Lei da Espécie por João Moojen de Oliveira (Museu Nacional)

The complex and little known laws governing the production of varieties are the same, as far as we can judge, with the laws which have governed the production of distinct species. In both cases physical conditions seem to have produced some direct and definite effect, but how much we cannot say.

Darwin

A gente desta casa é daquela que põe nome em bichos - minhocas, pernilongos, jaguatiricas; em plantas - nas avencas, nos jequitibás, nas orquídeas; em fósseis arrancados da terra - dentes, tíbias e conchas que se reconstroem em tigres-dente-de-sabre, megatérios e moluscos; que nomeia as pedras, a lama das argilas e os minérios de ouro; gente que estuda a espécie humana nos fragmentos de cerâmica e silex, nos calvários /sic, pro calcáreos/ que recobrem encéfalos e nos ocres que esboçam idéias nas paredes das cavernas. Gente anônima, que forma uma grei maçônica de iniciados, falando uma algarávia greco-latina de palavras - símbolos que estenografam idéias rebeldes à simplificação matemática. Em 80 milhões de brasileiros, não haverá duas centenas dessa gente. Não hoje, mas são muitos quando se contam pelas gerações que se sucedem e pelo acêrvo que vão acumulando em seus coutos, como neste Museu. Gente que faz ciência básica, servindo de ponto de partida para todo processo pragmático de integração do homem à Terra.

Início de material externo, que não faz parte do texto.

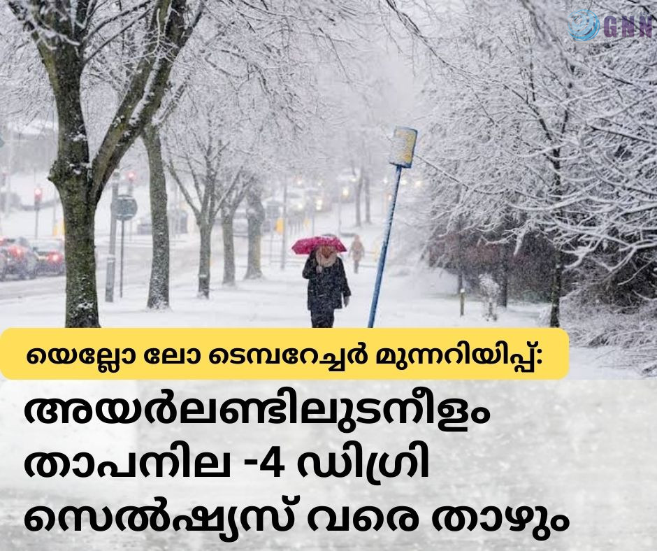 നാളെ അയർലണ്ടിലെമ്പാടും താപനില -4 ഡിഗ്രി സെൽഷ്യസ് വരെ താഴുന്നതിനാൽ സ്റ്റാറ്റസ് യെല്ലോ ലോ ടെമ്പറേച്ചർ മുന്നറിയിപ്പ് നൽകിയിട്ടുണ്ട്. ഇന്ന് രാവിലെയാണ് മെറ്റ് ഐറാൻ മുന്നറിയിപ്പ് നൽകിയത്, കഠിനമായ മഞ്ഞുവീഴ്ച, അപകടകരമായ ഡ്രൈവിംഗ് സാഹചര്യങ്ങൾ എന്നിവയെക്കുറിച്ച് മുന്നറിയിപ്പ് നൽകി. ശനിയാഴ്ച വൈകുന്നേരം 6 മണി മുതൽ ആരംഭിക്കുന്ന മുന്നറിയിപ്പ് ഞായറാഴ്ച രാവിലെ 11 മണി വരെ നിലനിൽക്കും. വെള്ളിയാഴ്ച രാത്രി 8 മണി മുതൽ ശനിയാഴ്ച രാവിലെ 11 മണി വരെ ഡൊണഗലിൽ മഞ്ഞുവീഴ്ചയും ഐസും ഉണ്ടാകുമെന്ന് മുന്നറിയിപ്പ് നൽകിയിട്ടുണ്ട്.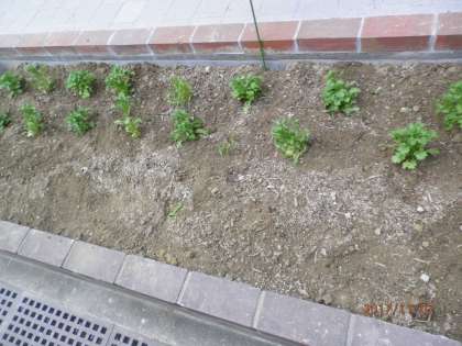 花壇の部分の工事も終わり、整地していただいた花壇に、今日はノースポールを植え替える活動をしました。慣れた手つきで素早く花の苗をビニルポットから出して植え替えることができました。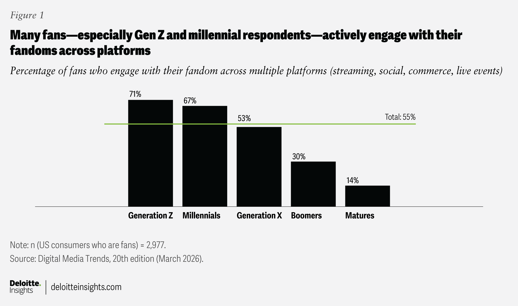 More than half of fans (55%) say that being a fan of a show, artist, or franchise often leads them to engage with it across multiple platforms, spanning streaming services, linear TV, social channels, merchandise, and live events (figure 1). That figure rises to roughly 70% among Gen Z and millennial fans. Creators on social media and online communities are also central to their fan activities: Nearly half (46%) seek out fandom-related content from creators, and the same share (46%) say they’re more likely to engage with entertainment content recommended by their fan community. Fans also report using more social networks (an average of six), compared with nonfans (who use an average of four).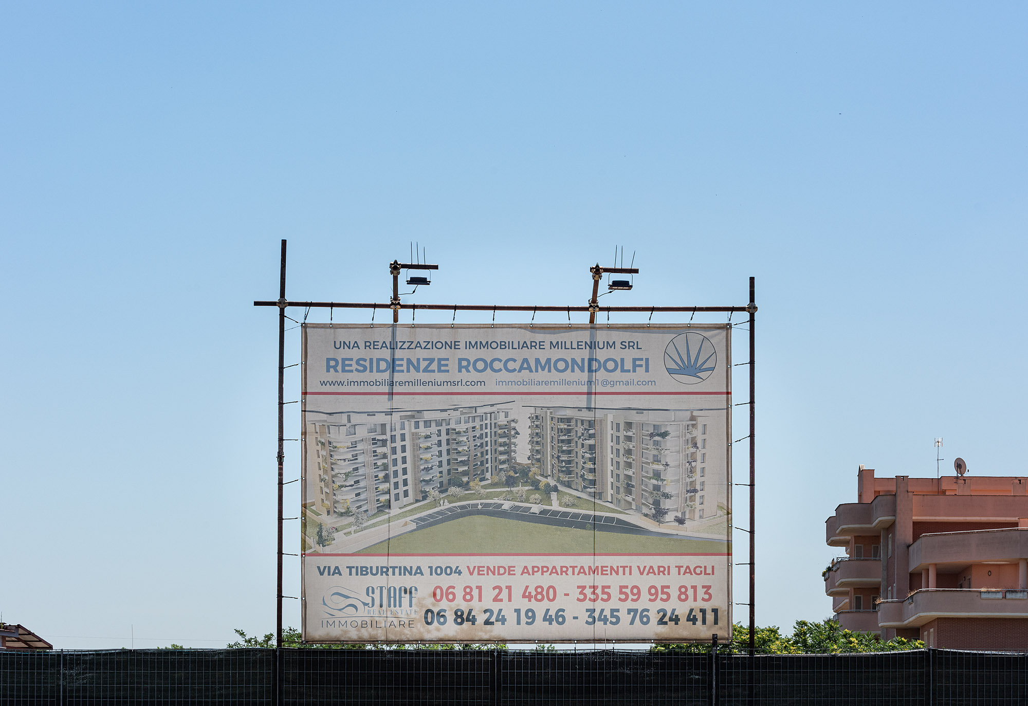 ERÖFFNUNG: 21.09.2022, 20 UHR || Die bildliche Darstellung von Bauten und städtischen Räumen gehört zu den wichtigsten Formen in der Kommunikation von zeitgenössischer Architektur. Im Stadtraum werden diese Visualisierungen oft zu Werbezwecken an Baugerüsten und Bauzäunen verwendet. Die Ausstellung "Verhüllung und Verheißung" geht dem Phänomen der Immobilienwerbung im öffentlichen Raum nach. Aufnahmen des Fotografen Hans Georg Esch von Plakaten aus verschiedenen Teilen der Welt werden Texten von Reinier de Graaf, AMO/OMA, Bildanalysen der Grafikdesignerin Rosa Nussbaum sowie einer Installation des Künstlers Sven Borger gegenübergestellt.
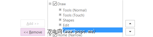 下一步,您可以取消选中右侧不再需要在功能区中显示的任何项目。例如,如果您不再需要OneNote中的“绘图"选项卡,则取消选中绘图旁边的框,然后单击确定。对于带有加号的项目,您可以添加或删除单个项目。因此,如果您希望在我们的示例中保留“绘制"选项卡,但包含“转换"以外的所有动作,则可以轻松删除它。只需选择转换,点击中间的删除按钮,然后选择确定即可。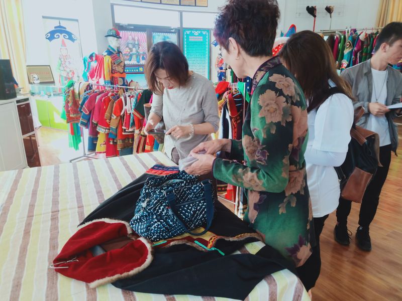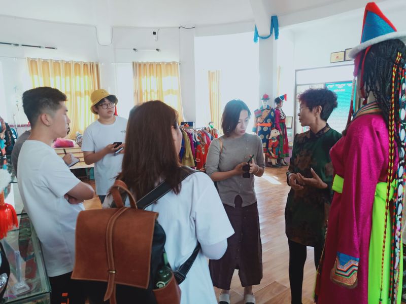 725日上午,调研团再次来到了娜仁其其格老师的蒙古族服饰展厅,与娜仁老师和萨尔娜老师进行了深入的访谈和问卷调查,充分了解到蒙古族服饰的文化传承和保护现状。随后,我们跟随老师来到娜仁蒙古服饰有限责任公司,对于肃北蒙古族服饰的相关资料进行了了解和掌握。娜仁老师还给我们介绍了蒙古族服饰保护和传承的现状。她表示对于蒙古服饰的制作,在一定程度的改良下,更要准确的了解非遗文化,且保留其原有的特色和精髓。当地政府也将每周三定为“肃北蒙古族服饰日”,规定每逢周三,必须穿着蒙古族服饰。这一切的变化,对于娜仁其其格来说,是蒙古族服饰文化的回归的一种表现。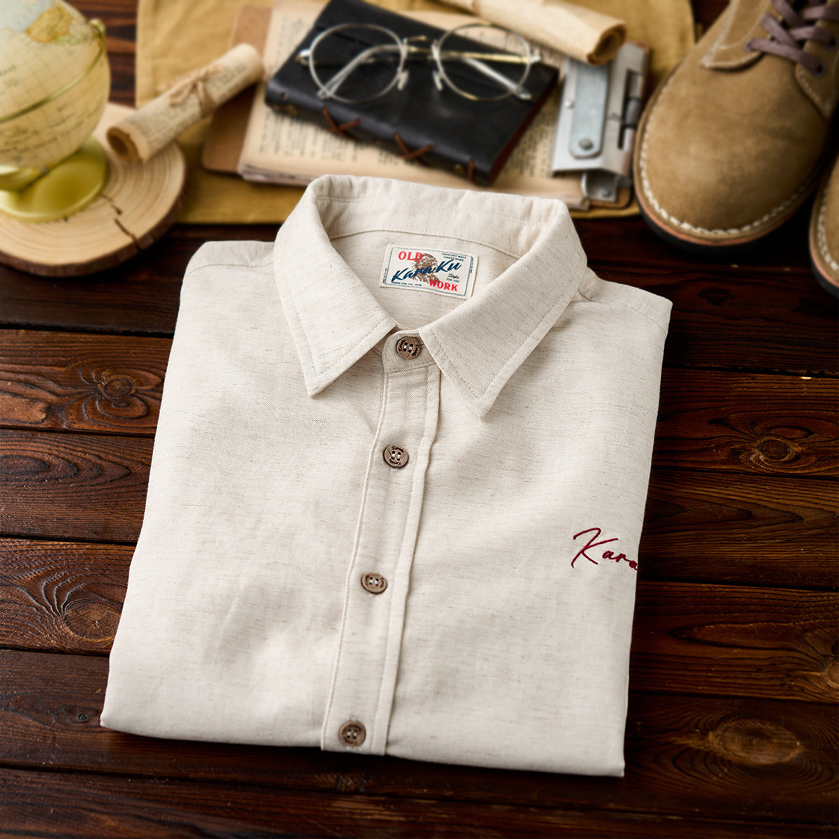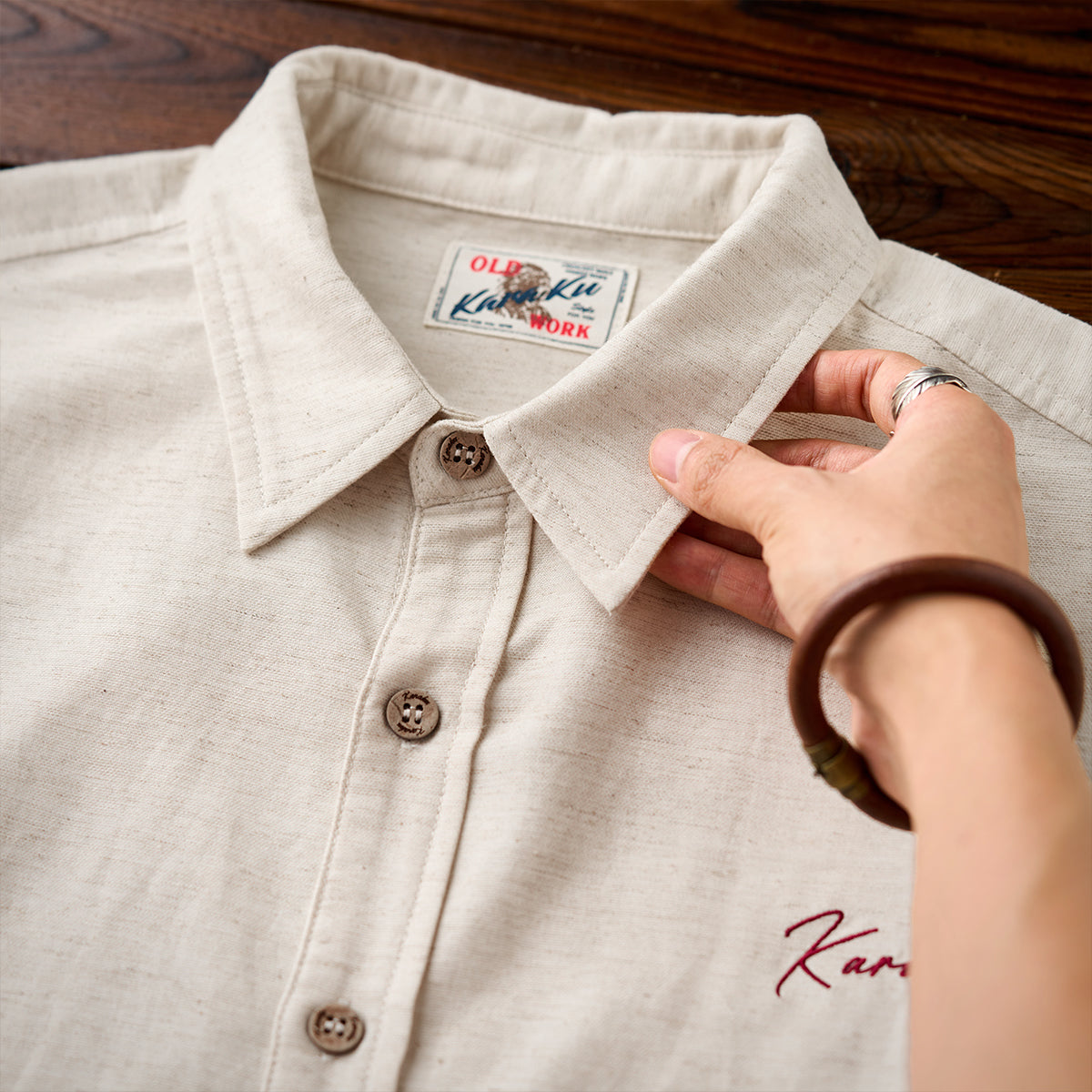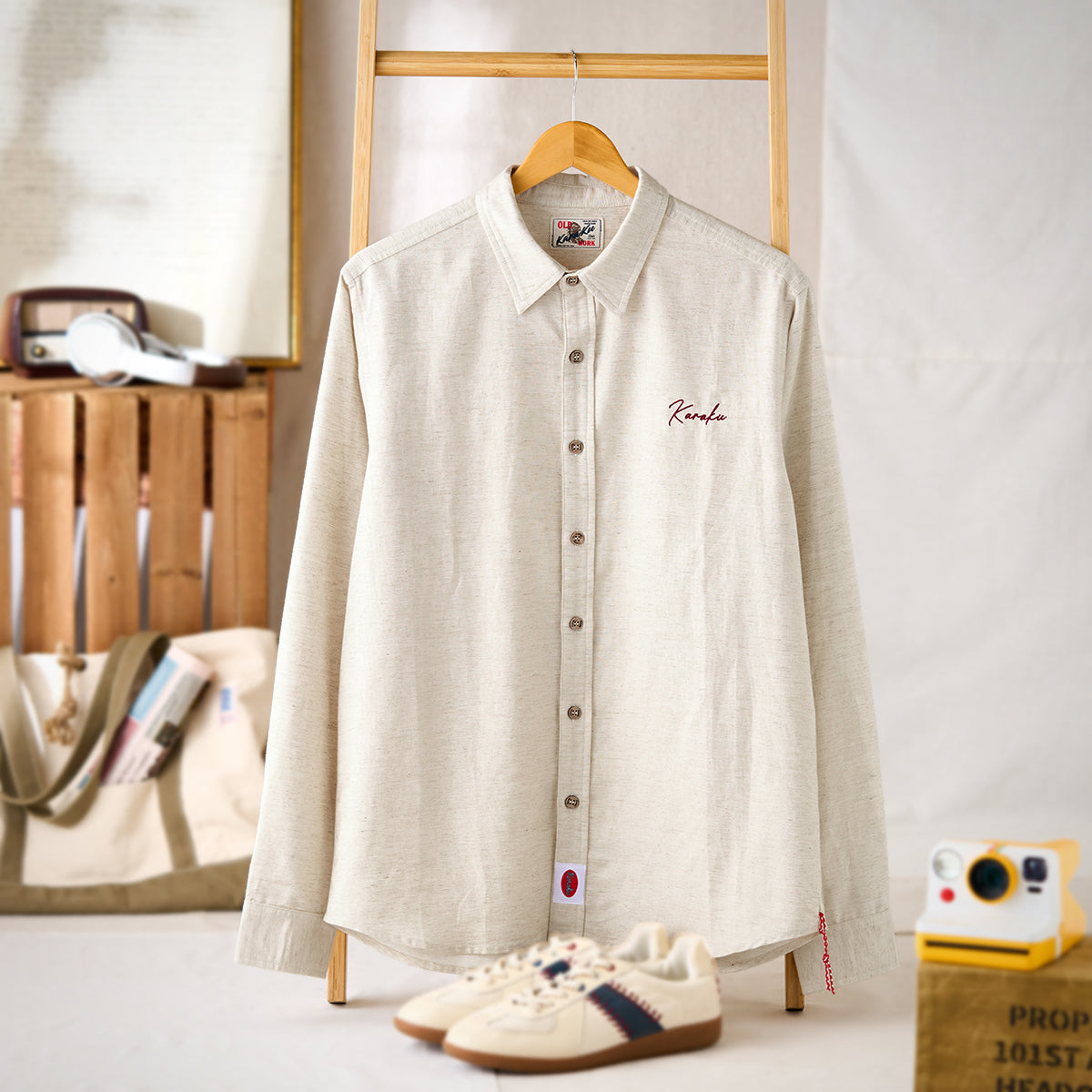 텐셀×리넨 혼방 소재로 고급스러운 광택과 쾌적한 착용감을 동시에 갖춘 긴팔 셔츠. Karaku 자수와 밑단 레드 스트링이 감각적인 포인트를 더하며, 릴랙스 핏으로 단독 또는 아우터로도 활용 가능합니다.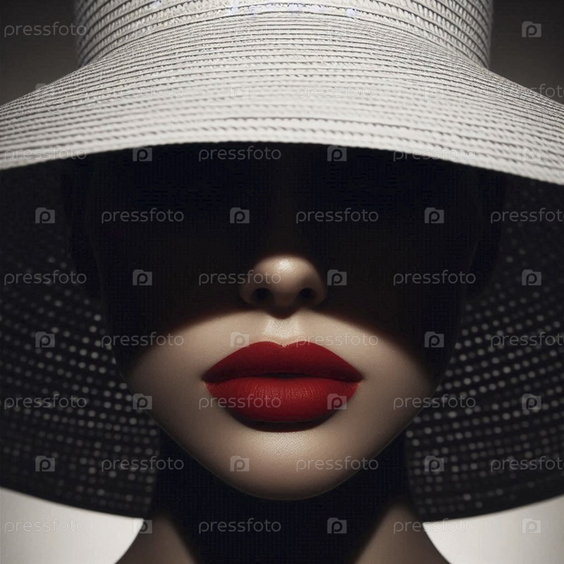 Широкошерстная шляпа, бросающая глубокую тень на лицо модели, видны только ее красные губы, Ai generated image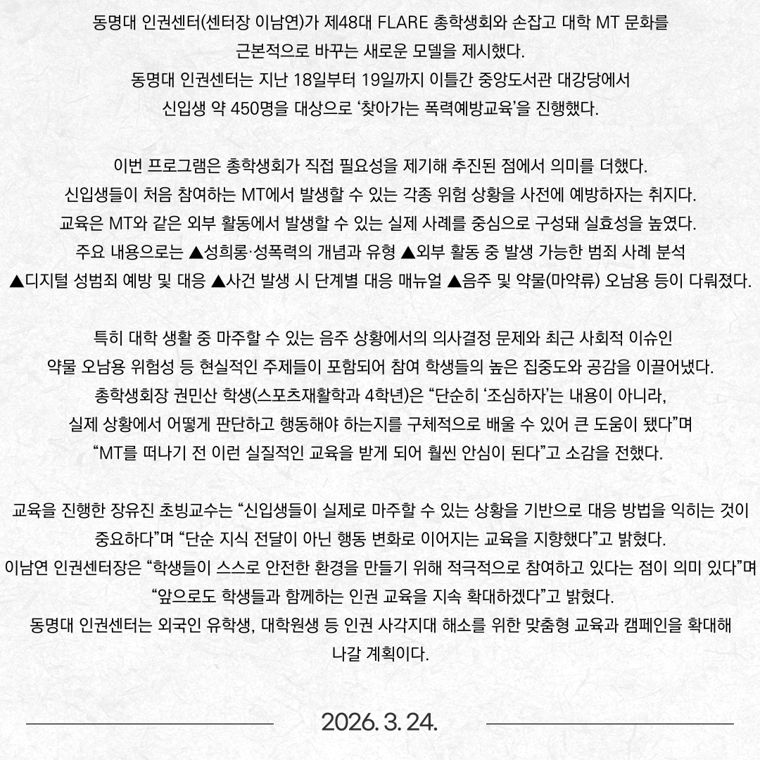동명대 신입생 450명, 인권 교육으로 대학생활 시작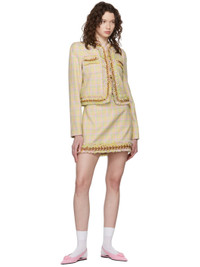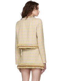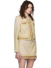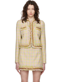 Long sleeve cotton-blend tweed jacket in multicolor. Metallic thread detailing, frayed edges, and curb chain hardware throughout. · Scoop neck collar · Hook-eye closure · Patch pockets at chest · Padded shoulders · Silk-blend crepe lining Supplier color: Yellow/Multicolor Body: 51% cotton, 38% viscose, 6% metallised polyester, 5% polyamide. Lining: 75% acetate, 25% silk. Made in Italy 221404F063001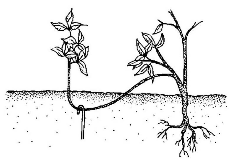 Същността на метода е, че част от стъблото може да се вкопае в земята и след известно време то ще пусне корени. За изпълнение трябва да имате пота с голям обем. Вторият вариант е да поставите друг контейнер до него и да поставите кълновете там. Когато издънката пусне корени, тя се отрязва от майчиния храст.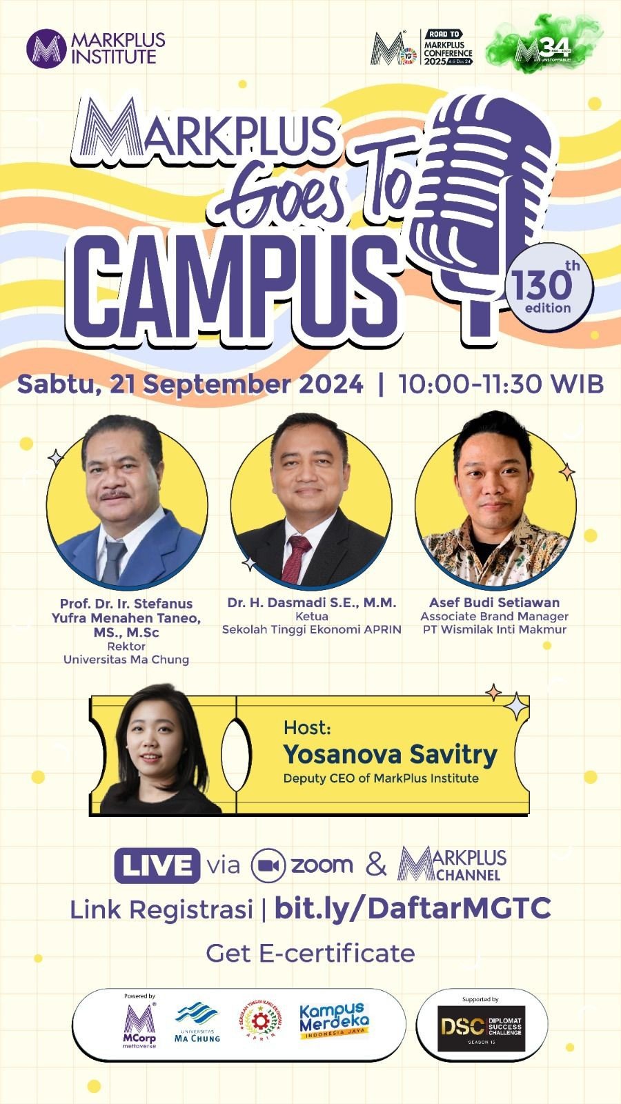 Ikuti The 130th MarkPlus Goes to Campus “Entrepreneurial Marketing”. MarkPlus Goes to Campus (MGTC) merupakan ajang bertemunya komunitas kampus di Indonesia, ajang saling sharing inspirasi, serta sudut pandang Creativity, Innovation, Entrepreneurship, dan Leadership yang telah atau akan dilaksanakan oleh Lembaga Pendidikan tinggi di Indonesia.

Sic vos non vobis, apes. Cícero comparou êsse trabalho ao das abelhas, arrumando em escaninhos tudo o que concretizam com atividade incessante, para proveito de outros. E tem muito das abelhas o nosso trabalho. Alegrias de vôos ao sol em descobertas de mundos novos, onde há côres e perfumes e sensações novas por experimentar. Descer para a análise de cada detalhe, encher cestas de pólen ou encharcar-se de néctar e voltar, pesadas, para a colméia. Gloriar-se das descobertas simples e entregar-se à faina de assimilá-las para uso de todos. Para cada gota de mel, quantos mil metros de vôo? E para encher um favo? Só que a nossa busca é mais canhestra e indecisa porque não vem de atos instintivos em que se cristalizaram reflexos tão congruentes com o meio que constituem uma inteligência per se, capaz de haurir tôdas as consonâncias do mundo externo num lapso de semanas que é a vida do imago. Nós não temos, também, arroubos de traduzir em plástica impressionista as telas naturais, nem, com elas, sabemos transmitir emoções vibrantes em aquarelas sonoras. Guardamos conôsco a harmonia dos cenários gigantes em que se reproduzem ciclos de violência e suavidade em concêrto de maravilhas extasiantes como na sinfonia pastoral de Beethoven em que, às vêzes, a melodia de um oboé e duas notas simples de um fagote interpretam a tessitura delicada dos campos e das flores e uma orquestra inteira mal chega para a majestade das grandes iras dos tufões e faíscas que convulsionam os céus. - Mais das vêzes a gente contempla tudo como nas bucólicas de Virgílio - Deus nobis haec otia faecit.

O pesquisador dos fenômenos naturais - da espécie e do sistema naturae está prêso às injunções da ordem, dos escaninhos onde acumular, ordenadamente, as espécies unitárias em grupos afins. Tem que vislumbrar os observáveis diagnósticos; escrutinar detidamente, mais as semelhanças que as dessemelhanças falazes; perceber as constâncias modais e os nódulos indicadores das descontinuidades estatísticas. O que constrói é transiente porque se reduz a uma objetivação convencional, submissa à conceituação taxionômica e ao translado nomenclatural; reduzida a comparações diagnósticas de utilização prática imediata e representada por uma amostragem de indivíduos que formam o hipodigma - a fase concreta da espécie - tipos e parátipos.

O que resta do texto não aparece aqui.